Yaşanmış ve yaşanan travmalar ile ilgili çok fazla deney yapıldı ve yapılmakta. Hepsinde görülen ortak payda, yaşadığımız travmaların genetik ko

Yaşanmış ve yaşanan travmalar ile ilgili çok fazla deney yapıldı ve yapılmakta. Hepsinde görülen ortak payda, yaşadığımız travmaların genetik kodlarımıza işlendiği. Ve yine genetik kodlar aracılığı ile çocuklarımıza ulaştığı. Yani geçmişte yaşadığınız bir olay birkaç neslinizi etkileyebilmekte.
Arkanıza yaslanın, gözlerinizi kapatın… Hatırlamaya çalışın… Mesela ilkokul günlerinize dönün…
Birçok kişi dönmek istemeyecektir. Hatırlamak istemediği anıları, şiddete maruz kalmışlığı vardır.

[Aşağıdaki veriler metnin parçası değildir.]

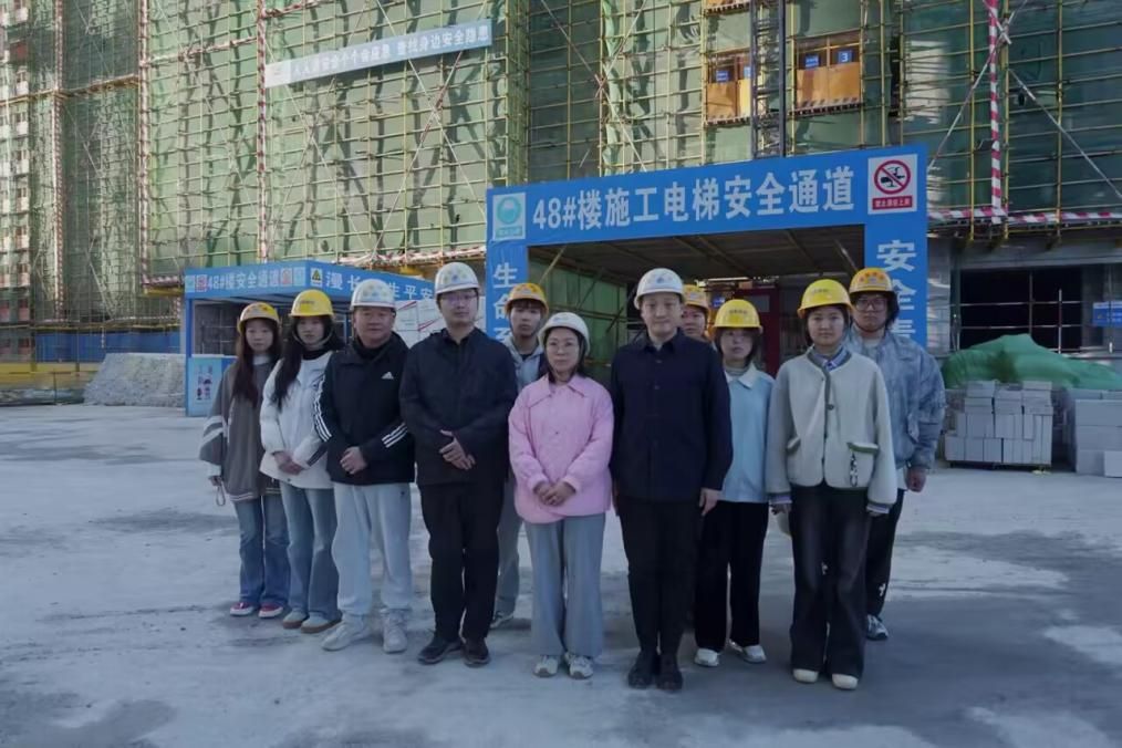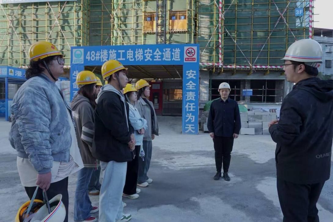 为将课堂理论教学与行业一线实践深度融合,11月26日下午,澳门网投十大信誉平台杨启凡、叶翔宇、吕露、柳颖老师及学工处郭燕老师带领24级室内设计技术专业7名学生代表,前往“龙栖蝶谷”二期住宅项目工地,开展了一场内容充实、富有启发的产教融合实践行活动。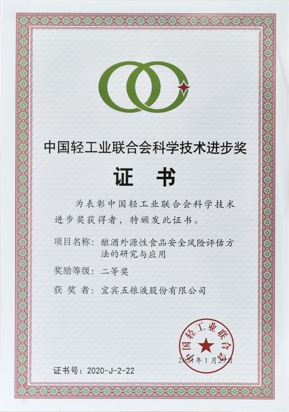 其中,《單糧與多糧濃香型白酒固態發酵酒醅微生物代謝結構和代謝特征解析》項目系統解析了五糧液發酵相比于單糧發酵的優勢,為五糧液傳統工藝的精髓作出了科學注解,獲2019年中國酒業協會科技進步二等獎;《釀酒外源性食品安全風險評估方法的研究與應用》項目建立了系統的食品安全評估體系及關鍵控制技術,獲2020年中國輕工聯合會科技進步二等獎;《五糧液包包曲質量提升技術研究與應用》優化了曲坯成型工藝,顯著提升了大曲質量,獲2021年中國食品工業協會科技進步一等獎;《回沙窖產量提升技術研究》項目首創回沙窖紅糟發酵動力強化技術,獲2021年中國輕工業聯合會科技進步三等獎……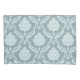 A vintage style decorative damask surface pattern influenced by rococo classical design in duck egg blue color detail on a teal background.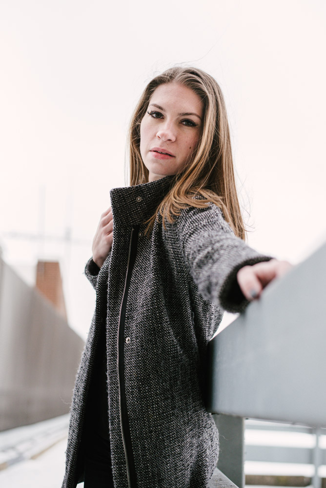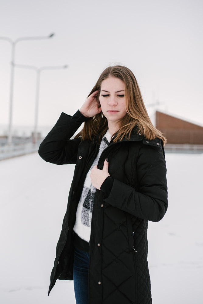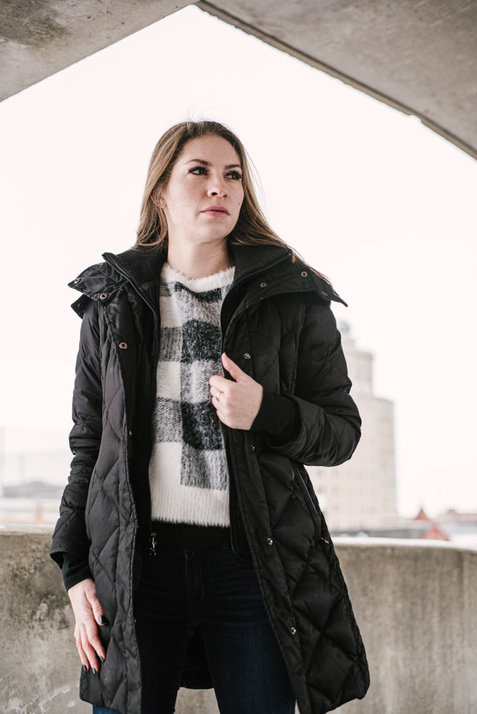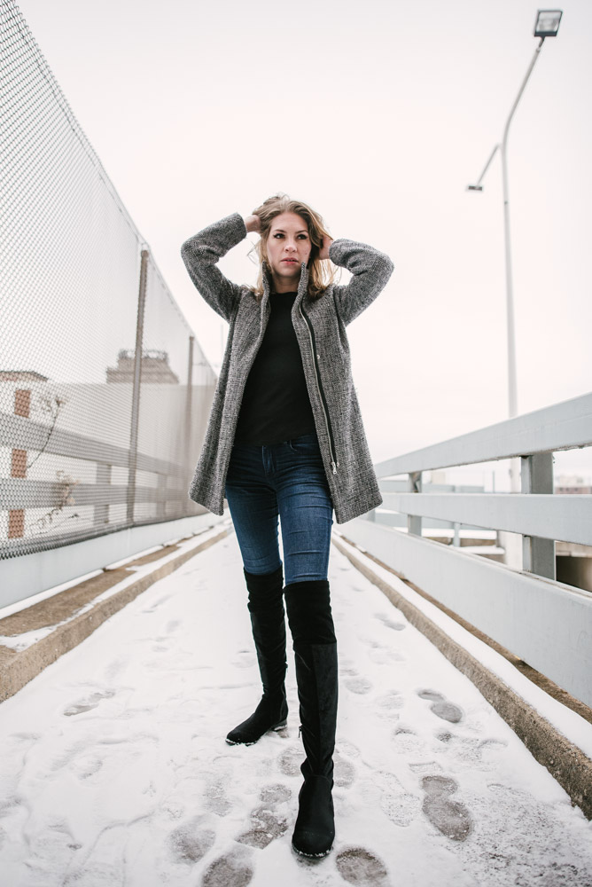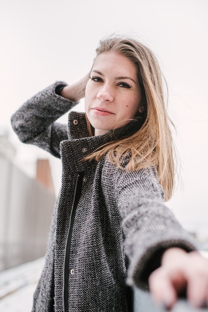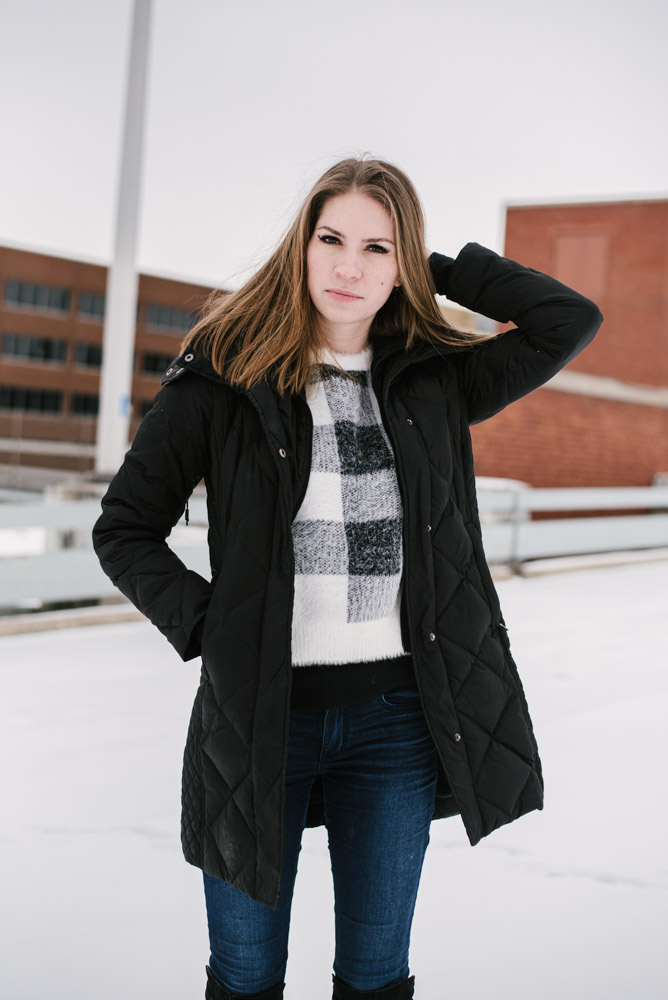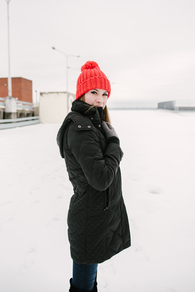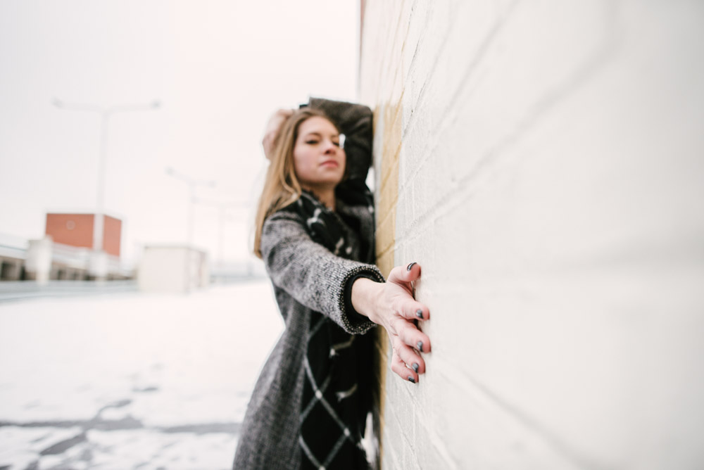 Laura and I met on a cold snowy day for winter portraits. The top floor of Price Street Garage made for a great playground for us to explore because it offered unique views of the city and creative architecture. The garage is locally famous for it’s spiraling exit ramp that delivers a striking accent to the cityscape. We were sure to use this feature to our advantage while we were there! A pop of a bright yellow wall also provided a great backdrop for us.

Bunu rahatça söyleyebilirim, çünkü ölçümlenmiş, bilimsel bir durum: Çocukların %75’i şiddete maruz kalmış, kalmakta.
Zaman akıp gider. Akıl, bazı hatıraları unutur. Belki hatırlamak istemez. Ama hafızası güçlü genlerimiz unutmaz. Genlerimiz tepkisel olarak ve düzenli bu zorbalıklarla yaşar. İnsan ömrü gibi uzun bir süreçte, bu baskıya dayanabilmek çok zordur.
Dayanabilmek için vücudumuz reaksiyon gösterir ve epigenomlarımız değişime başlar. Bu adaptasyon değişimi neticesinde vücut fayda sağlar. Yapılan deneyler, bu kişilerin ikna, hitap yeteneklerinin artması gibi birçok özellik gözlemiştir. Etrafındakilere kendilerini iyi ifade edebilir.
Ama uzun vadede, epigenetik değişimlerin depresyona neden olabileceği görülmüş. Depresyon, önceden söylediğini unutmak, inkâr etmek gibi psikolojik sorunlara yol açabilir. Güç elde ettiğinde ise düzeni bozabilir.
Hele hele bu kişiler toplumun yararı için çalışma görevine seçildiklerinde, depresyon topluma yayılır.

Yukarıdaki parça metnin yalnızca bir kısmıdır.